On Sat, Sep 4, 2010 at 11:31, John Axel Eriksson <[hidden email]> wrote:
Listing keys in a bucket has been described as "bad" and something you use in development but
not in production. I'm just starting out on Riak so I'm a newbie...

I'm thinking of building an application using Riak as filestorage and possibly much more than that, but it would
at least store lots of files with, perhaps, metadata attached.

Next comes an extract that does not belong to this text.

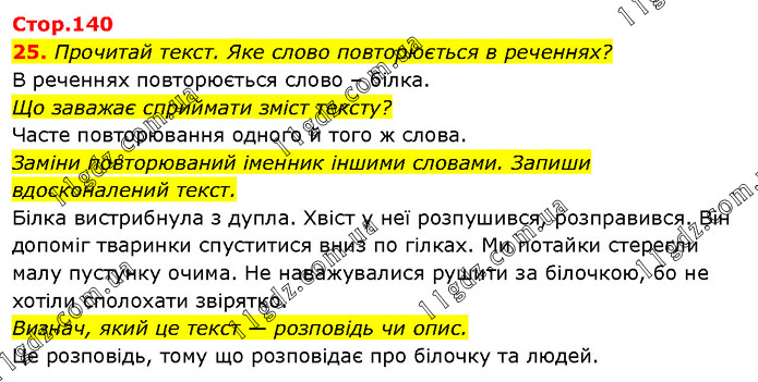 Прочитай текст. Яке слово повторюється в реченнях? В реченнях повторюється слово – білка. Що заважає сприймати зміст тексту? Часте повторювання одного й того ж слова. Заміни повторюваний іменник іншими словами. Запиши вдосконалений текст. Білка вистрибнула з дупла. Хвіст у неї розпушився, розправився. Він допоміг тваринки спуститися вниз по гілках. Ми потайки стерегли малу пустунку очима. Не наважувалися рушити за білочкою, бо не хотіли сполохати звірятко. Визнач, який це текст — розповідь чи опис. Це розповідь, тому що розповідає про білочку та людей.

How would I then list files for display in a webapp if
I don't use key listing?

I'm still very much a Riak newb myself, but I'll take a shot at answering this one by suggesting the use of links.

From what I understand, links some quantity limits when you attach a large number, but adding and removing them is an inexpensive operation.  (Someone fact check me on that please :)

- Create a key called 'listing', perhaps even in its own bucket to prevent namespace collision.

- Create links from that 'listing' key to metadata keys.  Remember that you can attach a tag to each link to differentiate different types of links, such as "metadata".

- The metadata keys' values would contain file metadata in JSON form, and in turn have a link to the file contents key, tagged "contents".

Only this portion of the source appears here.